= Henry Wilkes =

American sailor (c.1845–1888)

Henry Wilkes (c. 1845 – March 3, 1888) was an American sailor who was awarded the Medal of Honor for actions in the American Civil War.

== Biography ==
Wilkes was born in about 1845 in New York, New York. He joined the U.S Navy as a landsman during the Civil War and served aboard U.S. Picket Boat No. 1 which is famed for the sinking of Confederate vessel CSS Albemarle. He earned his medal during the picket boats raid on the Albemarle on the night of October 27, 1864 near Plymouth, North Carolina. Following this action he was taken prisoner. Not much is known following this except the fact that he died in Rensselaer, New York on March 3, 1888. He is now buried in Beverwyck Cemetery in Rensselaer, New York.

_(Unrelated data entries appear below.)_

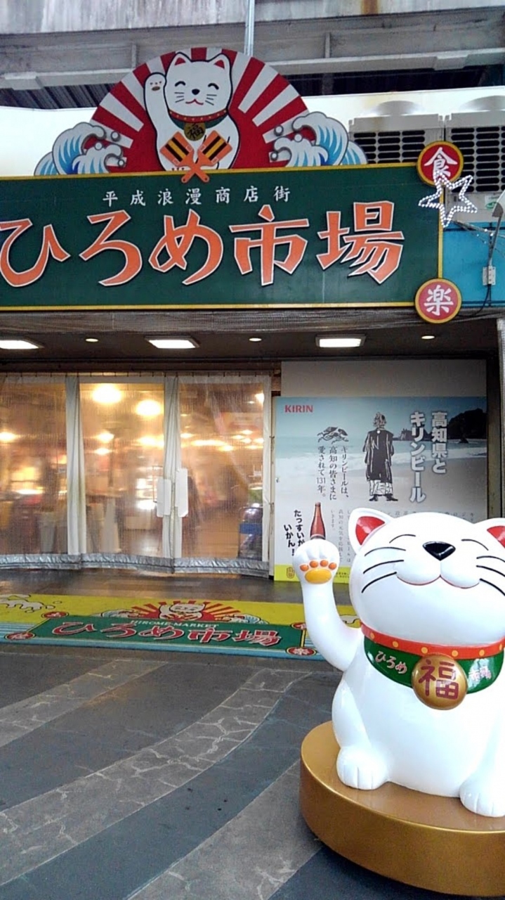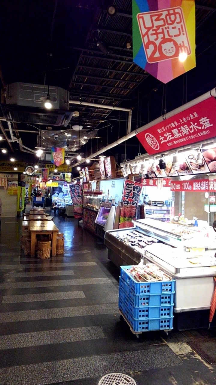 夜と昼、2回行きました。夜と言っても7時半くらいで商店街にあまり人がいませんでした。ですが商店街を抜けたところにあるひろめ市場は座るところもないぐらい賑わっていました。私は水曜日の夜に行きましたがこれが週末だったらもっと混むのかなあ?と思いました。ひろめ市場には約60店舗があるそうです。私はお酒が飲めないので『鰹飯』と厚焼き卵などのおかずを買って帰りホテルで食べました。『ひろめ市場』もクレジットカードは使えないようでした。価格は250円くらいからあり1000円ぐらい買うとでお腹いっぱいになりました。昼はかえって人がいなくて活気はありませんでした。
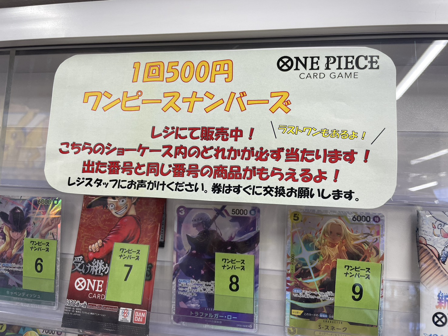 🏴☠️1回500円 ワンピースナンバーズ🏴☠️レジにて販売中‼️
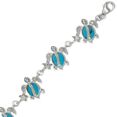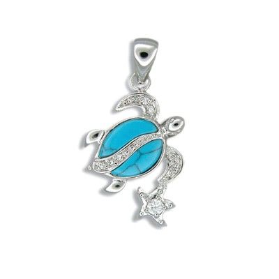 Sterling Silver Hawaiian Honu and Star Blue Turquoise Earrings with CZ. 1 1/4" by 1/2" with blue turquoise Inlay. The Honu is 1/2" in diameter with 2 hand polished inlay Blue Turquoise stones. In addition, there is a CZ set in the center of the Star. These earrings are made with sterling silver and finished with Rhodium to avoid tarnishing.
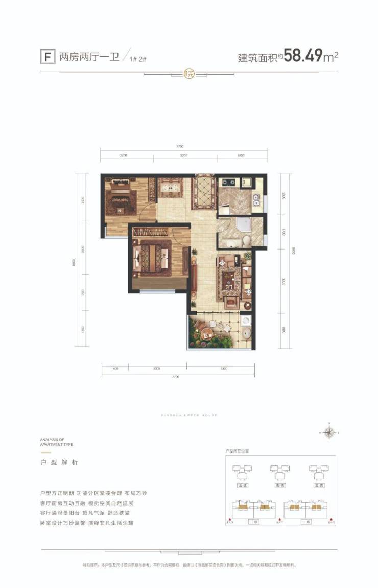 F户型面积:建筑约58㎡ 2房2厅1卫
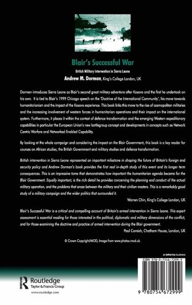 Andrew Dorman introduces Sierra Leone as Blair's second great military adventure after Kosovo and the first he undertook on his own. It is tied to Blair's 1999 Chicago speech on the 'Doctrine of the International Community', his move towards humanitarianism and the impact of the Kosovo experience. The book links this move with the rise of cosmopolitan militaries and the increasing involvement of Western forces in humanitarian operations and their impact on the international system. Furthermore, it places it within the context of defence transformation and the emerging Western expeditionary capabilities, in particular the European Union's new battle group concept and developments in concepts such as Network Centric Warfare and Networked Enabled Capability. Examining the whole campaign and considering the impact on the Blair Government, this book will prove to be a key reader on the topic.
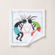 Colourful Kokopelli Love heart pattern shower curtain. It features two black Kokopelli figures one male an one female in red, green and blue clothes. The hand towel includes borders of the Kokopelli figures with double blue lines and your monogram while the washcloth has a Kokopelli pair in the centre with a blue border around.

== Medal of Honor Citation ==
For extraordinary heroism in action while serving on board U.S. Picket Boat No.1 in action, 27 October 1864, against the Confederate Ram, Albemarle, which had resisted repeated attacks by our steamers and had kept a large force of vessels employed in watching her. The picket boat, equipped with a spar torpedo, succeeded in passing the enemy pickets within 20 yards without being discovered and then made for the Albemarle under a full head of steam. Immediately taken under fire by the ram, the small boat plunged on, jumped the log boom which encircled the target and exploded its torpedo under the port bow of the ram. The picket boat was destroyed by enemy fire and almost the entire crew taken prisoner or lost.